Future Hall of Fame running back Jim Brown rushed for 1,329 yards, leading the league for the third straight year, and 14 touchdowns. Quarterback Milt Plum, who was drafted by the Browns in the 1957 draft, made his mark at the position. The Browns had been looking for a replacement for Otto Graham ever since the Hall of Famer retired—for the second time—following the 1955 season. They finally found him when Plum, a second-round draft pick in 1957, threw for 14 touchdowns with just six interceptions. However, the Browns would finish just 7–5 in 1959, the second in what would turn out to be a string of six straight seasons in which the Browns had decent to very good teams without qualifying for the postseason. The 7–5 record was also the second worst record since head coach Paul Brown's tenure with the team.

== Preseason ==

| Game | Date | Opponent | Result | Record | Venue | Attendance | Sources |
| 1 | August 11 | at Pittsburgh Steelers | L 20–34 | 0–1 | Forbes Field | 27,432 |  |
| 2 | August 22 | vs.

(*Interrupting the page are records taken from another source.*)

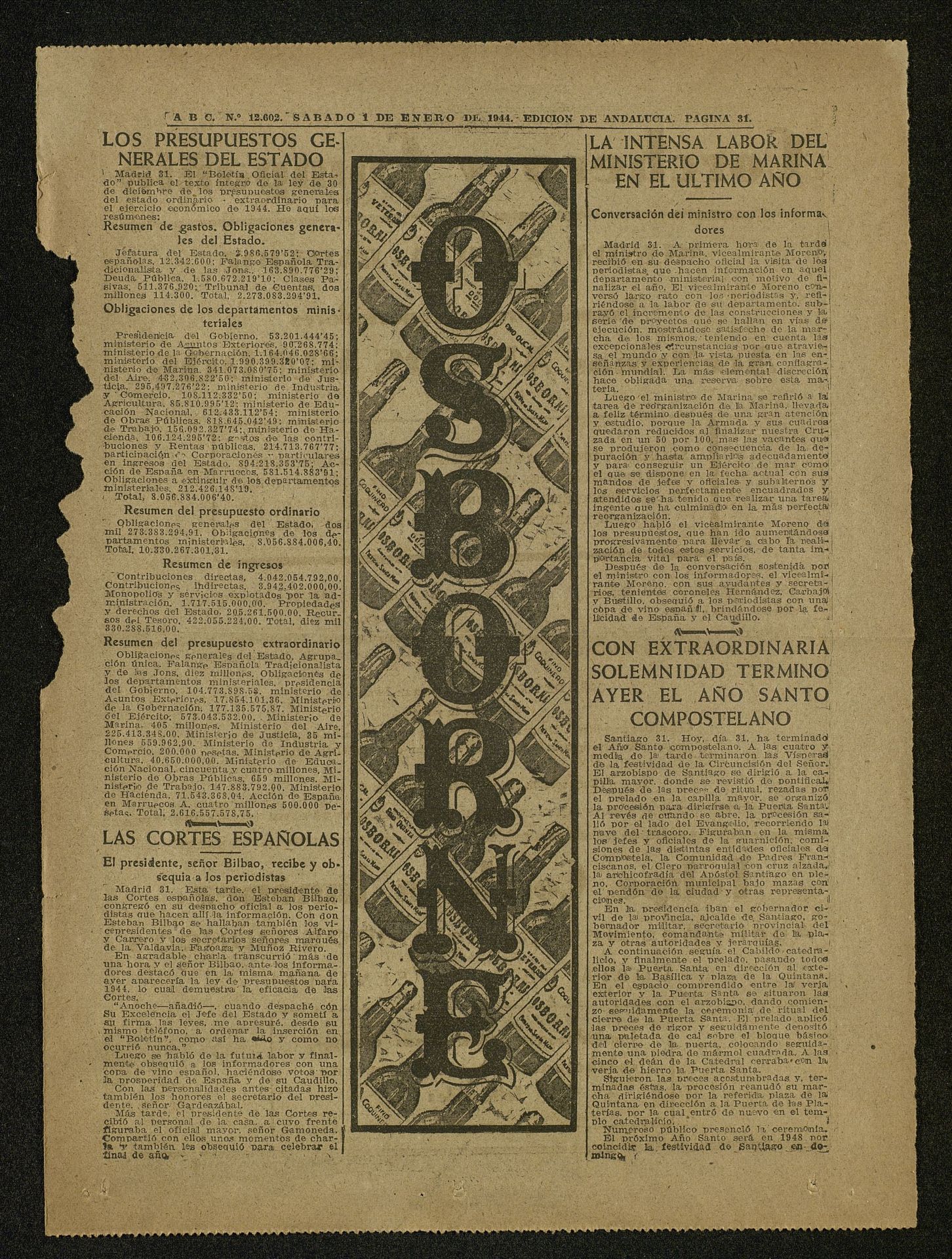Osborne. Botellas de Coquinero, Fino Quinta, Ducal...
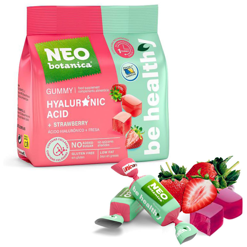 Bolsa 90g.con 10 Gummys Ácido Hialurónico + Fresa, Neo Botánica ¡estar sano! Complemento Alimenticio que contribuye a la Hidratación de la Piel. Dosis Recomendada 1 diario. INGREDIENTES: Ácido Hialurónico. Fresa y Colágeno Marino. Sin azúcares añadidos. Sin gluten. Bajo en grasas. CN. 224757.4.
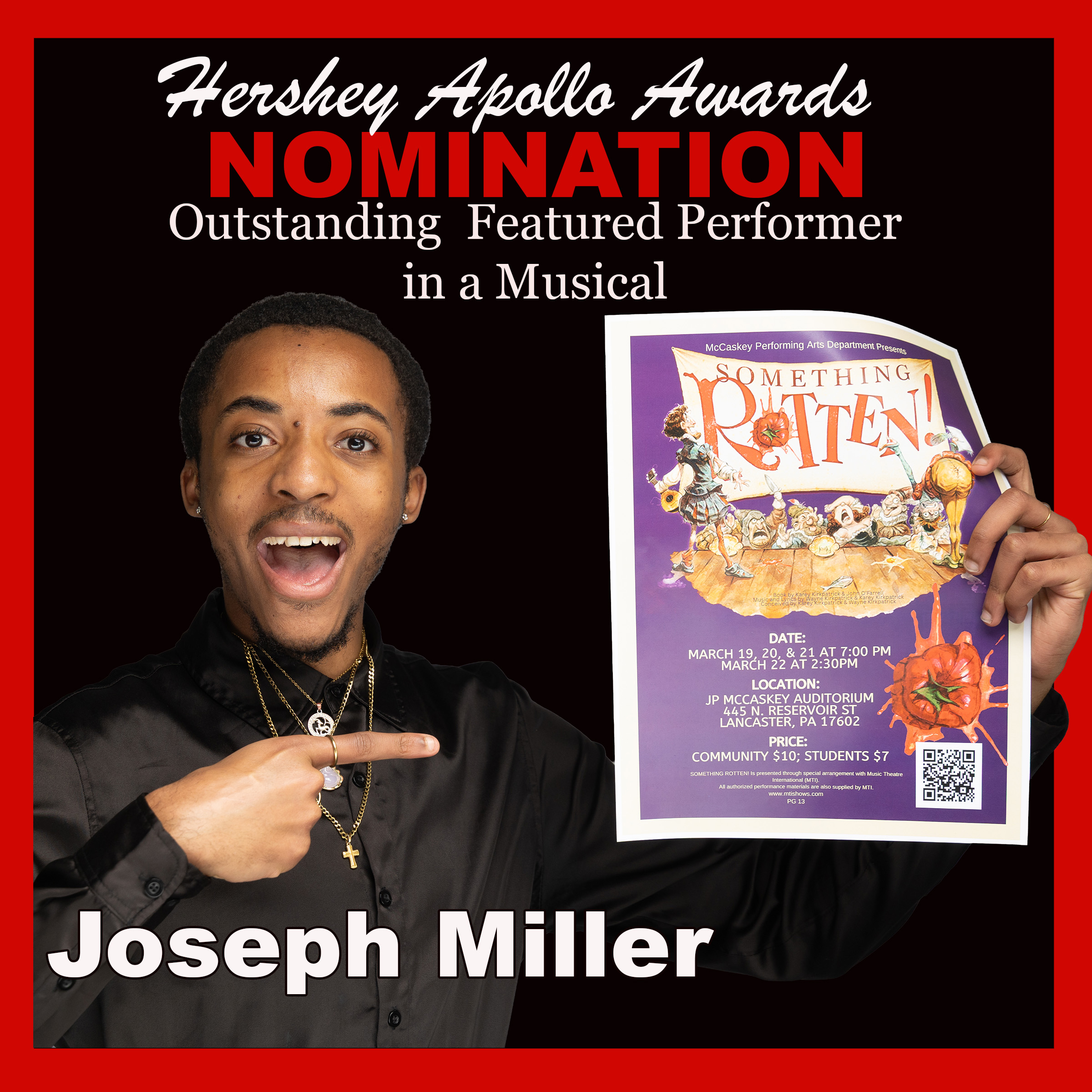 - Outstanding Featured Performer in a Musical — Joseph Miller as Brother Jeremiah in Something Rotten!
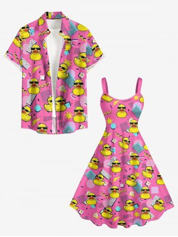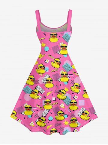 Plus Size Ducks Geometric Pattern Print Hawaii Tank Dress - Light Pink - S
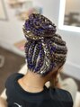 コーンロウ、毛先ブレイズエクステ編み込み(ロング料金有)
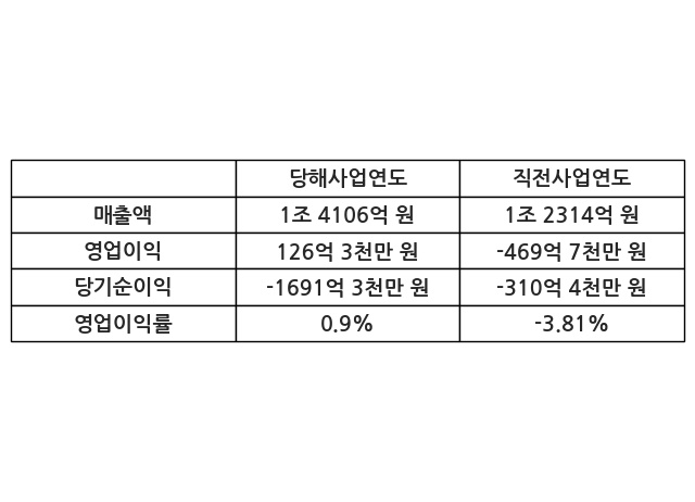 이번사업연도의 매출액은 직전사업연도 대비 14.55% 증가한 1조 4106억 원, 영업이익은 126억 3천만 원, 당기순이익은 -1691억 3천만 원이라고 공시했다.

Detroit Lions | L 3–9 | 0–2 | Rubber Bowl (Akron, Ohio) | 22,654 |  |
| 3 | August 30 | at San Francisco 49ers | L 14–17 | 0–3 | Kezar Stadium | 24,737 |  |
| 4 | September 5 | at Los Angeles Rams | W 27–24 | 1–3 | LA Memorial Coliseum | 55,883 |  |
| 5 | September 13 | at Detroit Lions | L 28–31 | 1–4 | Briggs Stadium | 33,435 |  |
| 6 | September 19 | Chicago Bears | W 33–31 | 2–4 | Cleveland Stadium | 25,316 |  |
Note: September 19: Night game.

== Regular season ==

In 1959 the Browns offered seats at four price levels. Reserved seats were available at $4.50, $3.50, and $2.50, depending on location, and general admission seats were available for a league-low price of $1.50. Reserve season tickets for the six game home slate cost $27, $21, and $15, respectively.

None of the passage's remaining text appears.